▸ **Activity**:
Transcribe each record word for word. Skip the images.

[Input data Boundary: Start]

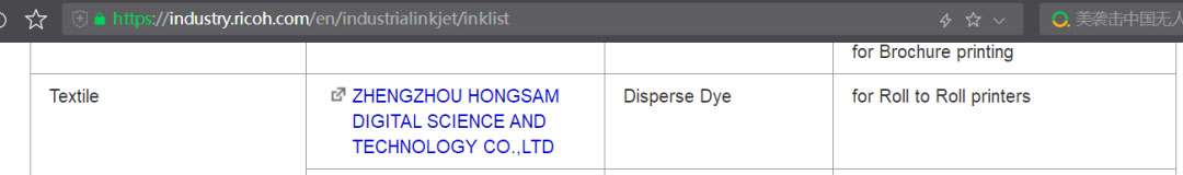 鴻盛數(shù)碼高溫分散墨水經(jīng)過(guò)嚴(yán)格的全面測(cè)試,順利通過(guò)理光噴頭的苛刻測(cè)試,成為中國(guó)唯一一家通過(guò)理光官方測(cè)試的高溫分散墨水廠家。2023年01月14日,理光官網(wǎng)公布了此消息,這也一定程度上展示了鴻盛數(shù)碼墨水與噴頭匹配的安全性和兼容性,進(jìn)一步提升了鴻盛數(shù)碼在國(guó)際的影響力。
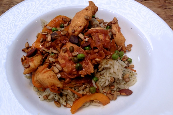 I let the chicken sit in the marinade for an hour in the fridge and then stir fried it gently in the sauce, so the meat was thoroughly cooked but remained soft. In the last couple of minutes I added the chopped peppers, frozen peas and grated carrot.
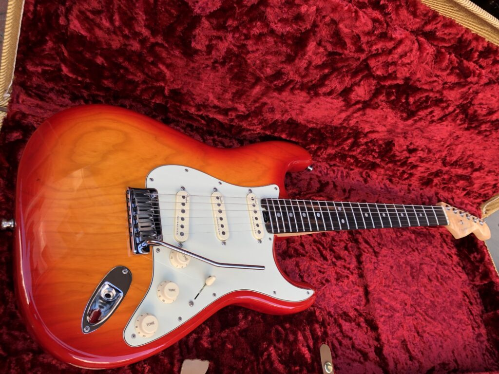 Fender American Elite Stratocaster 2019 üretimi. 9.5″ ten 14″ e compound radius abanoz klavye. Ash gövde. Aged Cherry Burst renkte. 4th Generation Noiseless manyetikler.
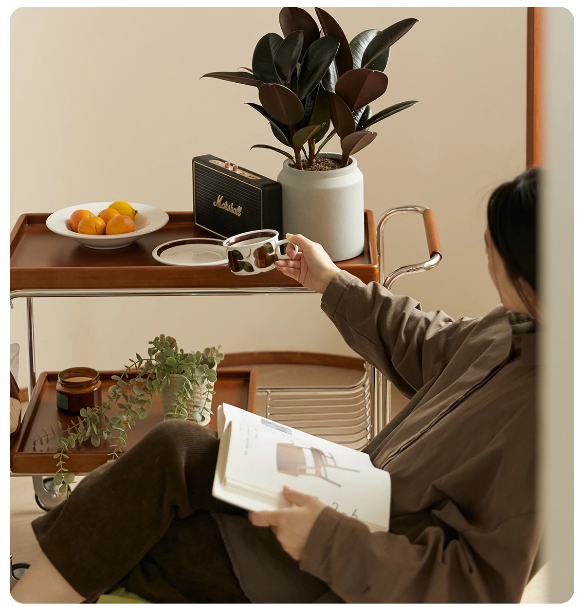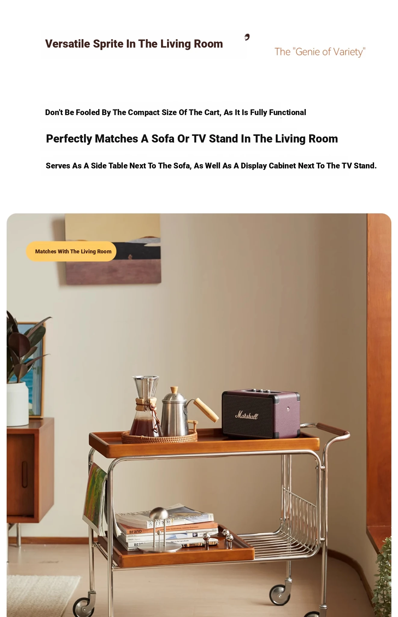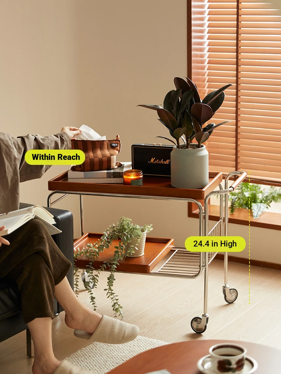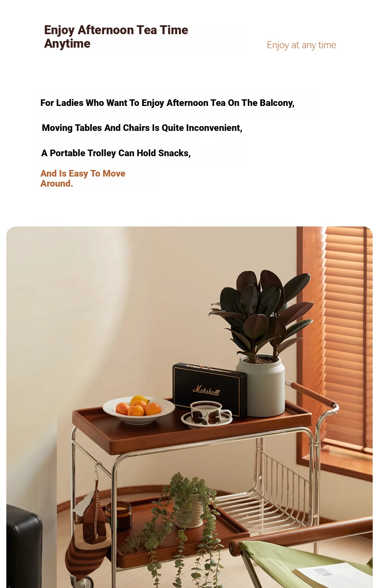 MUU Vintage Solid Wood Serving Cart - Elegant Tea & Dining Trolley for Your Living Room, Perfect for Entertaining Guests!
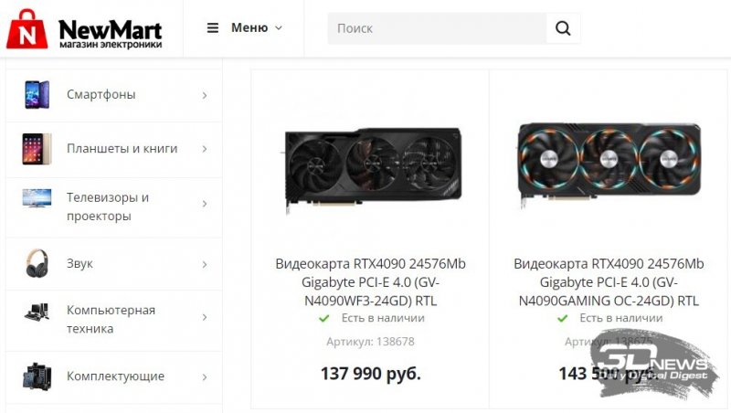Самую доступную GeForce RTX 4090 нам удалось найти в NewMart — видеокарта GeForce RTX 4090 WindForce здесь предлагалась за 137 990 рублей и на момент написания данной заметки её ещё можно было заказать.
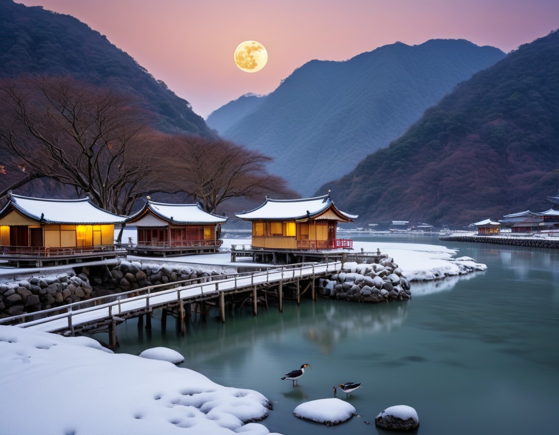 Traditional Asian buildings by a snowy riverside under a full moon with mountains in the background and a boat on the water.
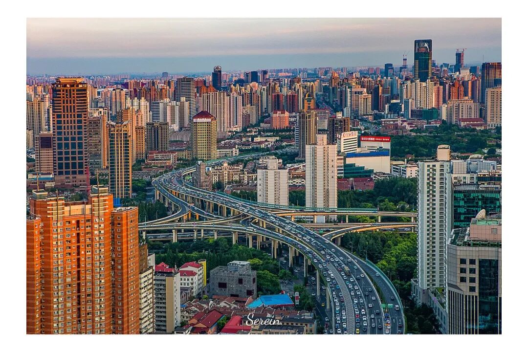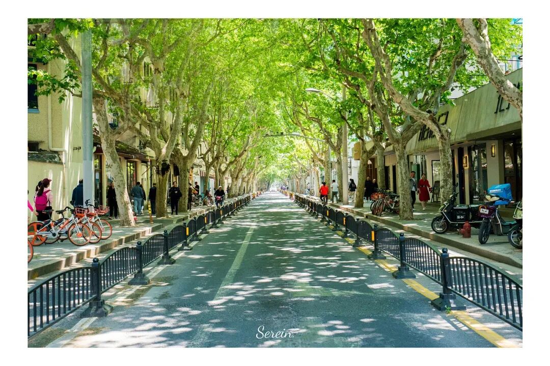 你能看见时髦摩登CBD,也能看见市井生活烟火气。左边是高楼大厦高耸入云,右边是老街梧桐和咖啡香气。
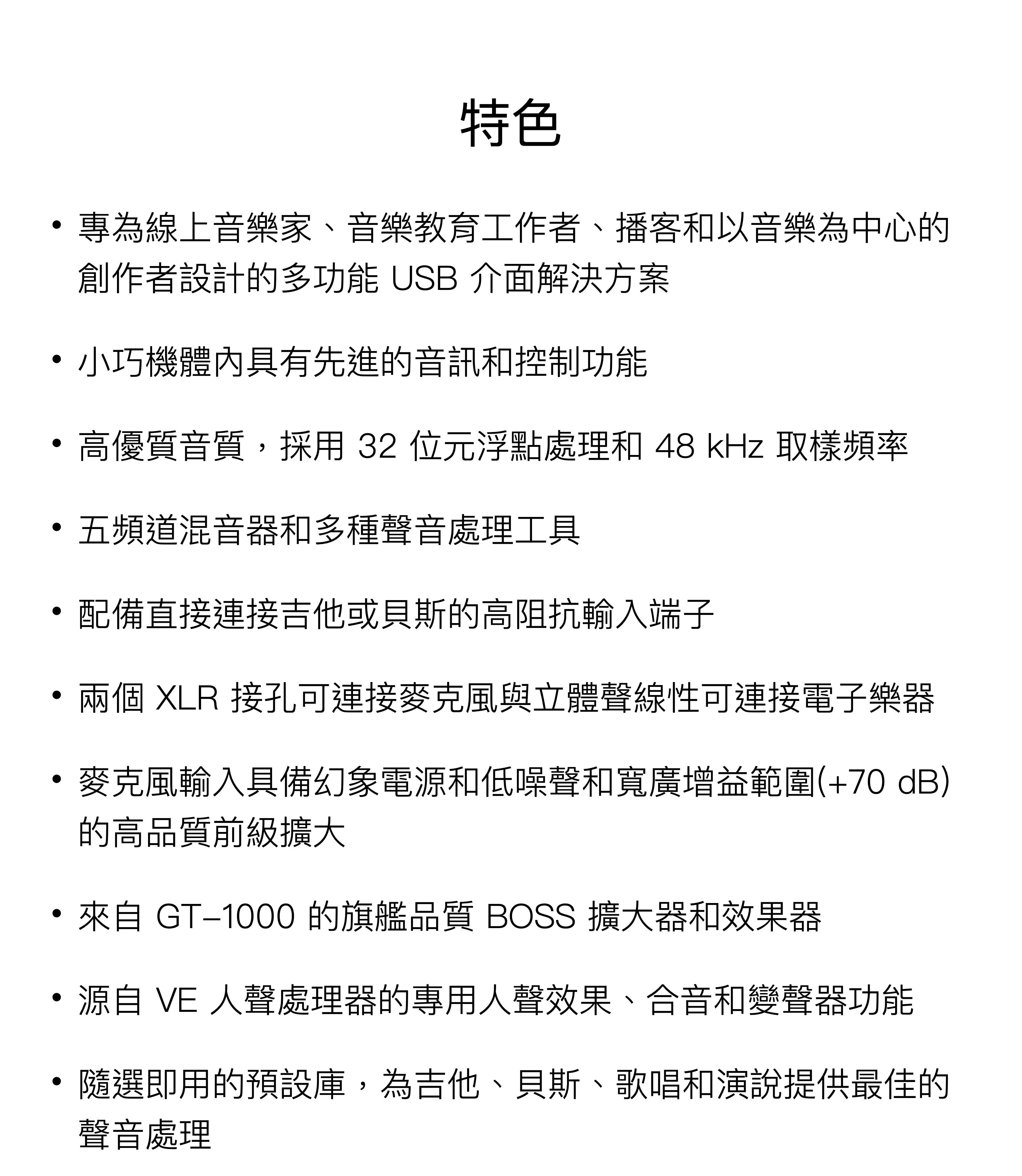 ⬛ 高優質音質,採用 32 位元浮點處理和 48 kHz 取樣頻率
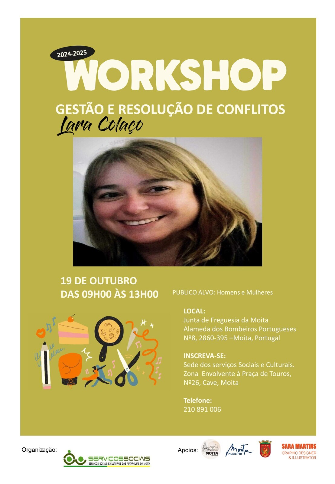 - Local do workshop: Junta de Freguesia da Moita; Alameda dos Bombeiros Portugueses, nº 8, 2860-395 Moita, Portugal; Telf.:21 2808072; email: geral@jf-moita
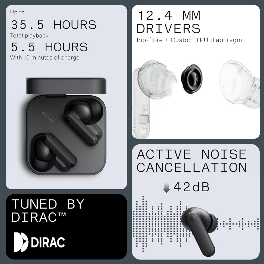 CMF Buds 2a Wireless Earbuds 2025 New Active Noise Cancelling 42dB Hybrid ANC Bluetooth Headphones, 12.4mm Dynamic Driver for Big Bass, 4 Mic Clear Calls, Sport Ear Buds for iPhone, Android
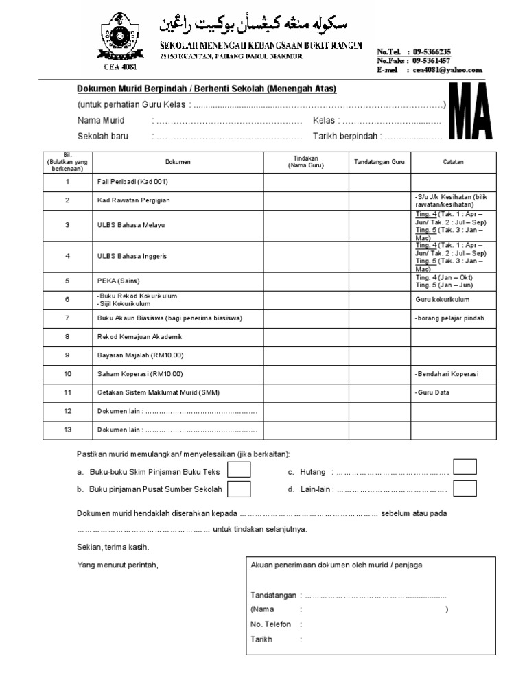 Borang Pengurusan Dokumen Murid Berpindah Sekolah Menengah Atas Pdf
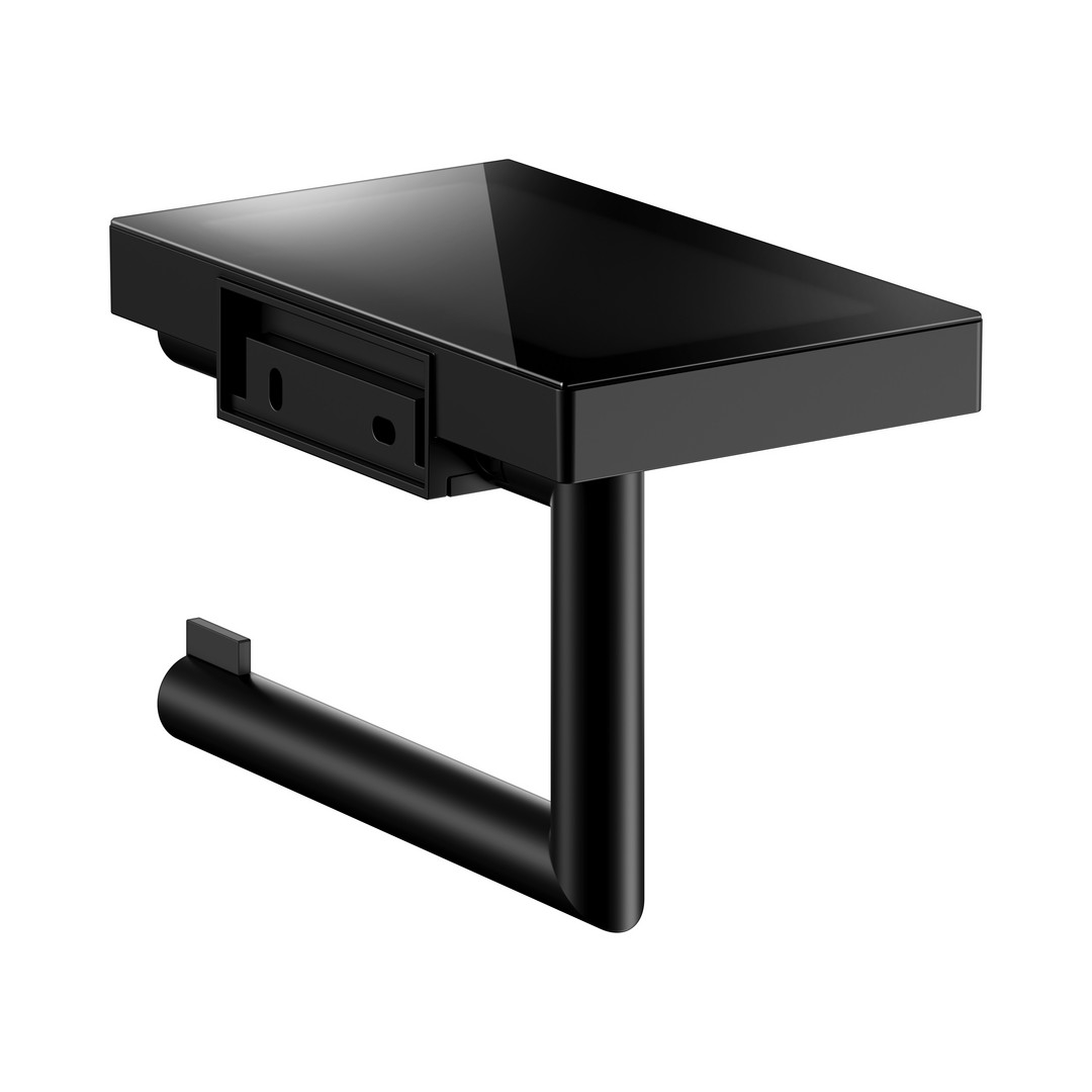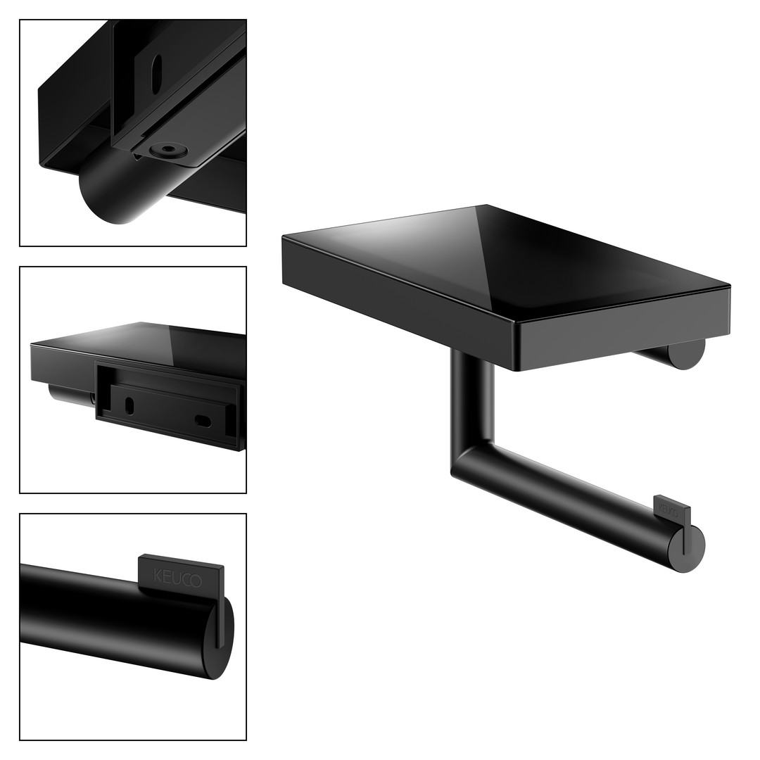 KEUCO Toilettenpapierhalter REVA schwarz matt, mit Glasablage, offene Form, Rollenbreite 100/120mm
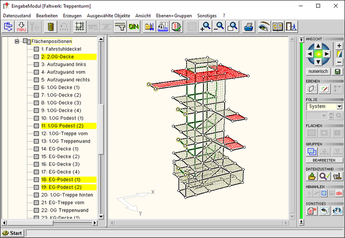 wie Flächen/Stabeigenschaften, Gelenkbedingungen, Lagerfesthaltungen

[Input data Boundary: End]

▸ **Answer to this problem**:
 鴻盛數(shù)碼高溫分散墨水經(jīng)過(guò)嚴(yán)格的全面測(cè)試,順利通過(guò)理光噴頭的苛刻測(cè)試,成為中國(guó)唯一一家通過(guò)理光官方測(cè)試的高溫分散墨水廠家。2023年01月14日,理光官網(wǎng)公布了此消息,這也一定程度上展示了鴻盛數(shù)碼墨水與噴頭匹配的安全性和兼容性,進(jìn)一步提升了鴻盛數(shù)碼在國(guó)際的影響力。
 I let the chicken sit in the marinade for an hour in the fridge and then stir fried it gently in the sauce, so the meat was thoroughly cooked but remained soft. In the last couple of minutes I added the chopped peppers, frozen peas and grated carrot.
 Fender American Elite Stratocaster 2019 üretimi. 9.5″ ten 14″ e compound radius abanoz klavye. Ash gövde. Aged Cherry Burst renkte. 4th Generation Noiseless manyetikler.
 MUU Vintage Solid Wood Serving Cart - Elegant Tea & Dining Trolley for Your Living Room, Perfect for Entertaining Guests!
Самую доступную GeForce RTX 4090 нам удалось найти в NewMart — видеокарта GeForce RTX 4090 WindForce здесь предлагалась за 137 990 рублей и на момент написания данной заметки её ещё можно было заказать.
 Traditional Asian buildings by a snowy riverside under a full moon with mountains in the background and a boat on the water.
 你能看见时髦摩登CBD,也能看见市井生活烟火气。左边是高楼大厦高耸入云,右边是老街梧桐和咖啡香气。
 ⬛ 高優質音質,採用 32 位元浮點處理和 48 kHz 取樣頻率
 - Local do workshop: Junta de Freguesia da Moita; Alameda dos Bombeiros Portugueses, nº 8, 2860-395 Moita, Portugal; Telf.:21 2808072; email: geral@jf-moita
 CMF Buds 2a Wireless Earbuds 2025 New Active Noise Cancelling 42dB Hybrid ANC Bluetooth Headphones, 12.4mm Dynamic Driver for Big Bass, 4 Mic Clear Calls, Sport Ear Buds for iPhone, Android
 Borang Pengurusan Dokumen Murid Berpindah Sekolah Menengah Atas Pdf
 KEUCO Toilettenpapierhalter REVA schwarz matt, mit Glasablage, offene Form, Rollenbreite 100/120mm
 wie Flächen/Stabeigenschaften, Gelenkbedingungen, Lagerfesthaltungen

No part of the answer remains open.